- Provided data:
=== Begin Enclosure ===

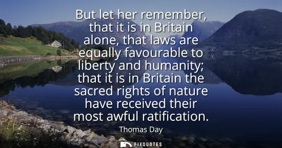 "But let her remember, that it is in Britain alone, that laws are equally favourable to liberty and humanity; that it is in Britain the sacred rights of nature have received their most awful ratification"
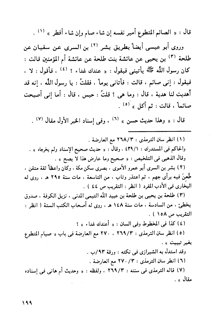 وروى أبو عيسى أيضاً بطريق بشر بن السري عن سفيان عن طلحة بن يحيى عن عائشة بنت طلحة عن عائشة أم المؤمنين قالت: كان رسول الله - صلى الله عليه وسلم - يأتيني فيقول: ((عندك غداء؟، فأقول: لا، فيقول: إني صائم، قالت: فأتاني يوماً، فقلت: يا رسول الله، إنه قد أهديت لنا هدية، قال: وما هي؟ قلت: حيس، قال: أما إني أصبحت صائماً، قالت: ثم أكل)).
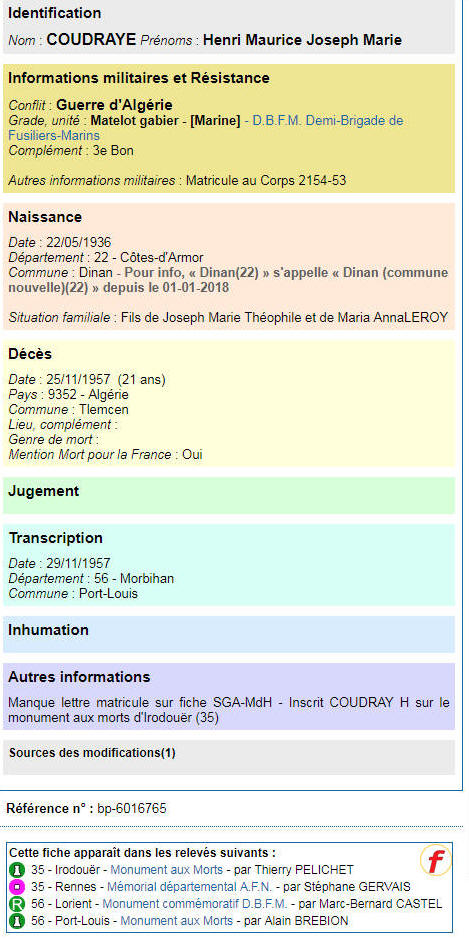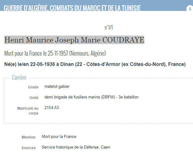 DINAN (Côtes d'Armor) - Décédé le 25 novembre 1957 à NEMOURS

=== End Enclosure ===

- Problem description: The task calls for repeating each line above exactly while excluding the pictures.

- Output of the exercise:
 "But let her remember, that it is in Britain alone, that laws are equally favourable to liberty and humanity; that it is in Britain the sacred rights of nature have received their most awful ratification"
 وروى أبو عيسى أيضاً بطريق بشر بن السري عن سفيان عن طلحة بن يحيى عن عائشة بنت طلحة عن عائشة أم المؤمنين قالت: كان رسول الله - صلى الله عليه وسلم - يأتيني فيقول: ((عندك غداء؟، فأقول: لا، فيقول: إني صائم، قالت: فأتاني يوماً، فقلت: يا رسول الله، إنه قد أهديت لنا هدية، قال: وما هي؟ قلت: حيس، قال: أما إني أصبحت صائماً، قالت: ثم أكل)).
 DINAN (Côtes d'Armor) - Décédé le 25 novembre 1957 à NEMOURS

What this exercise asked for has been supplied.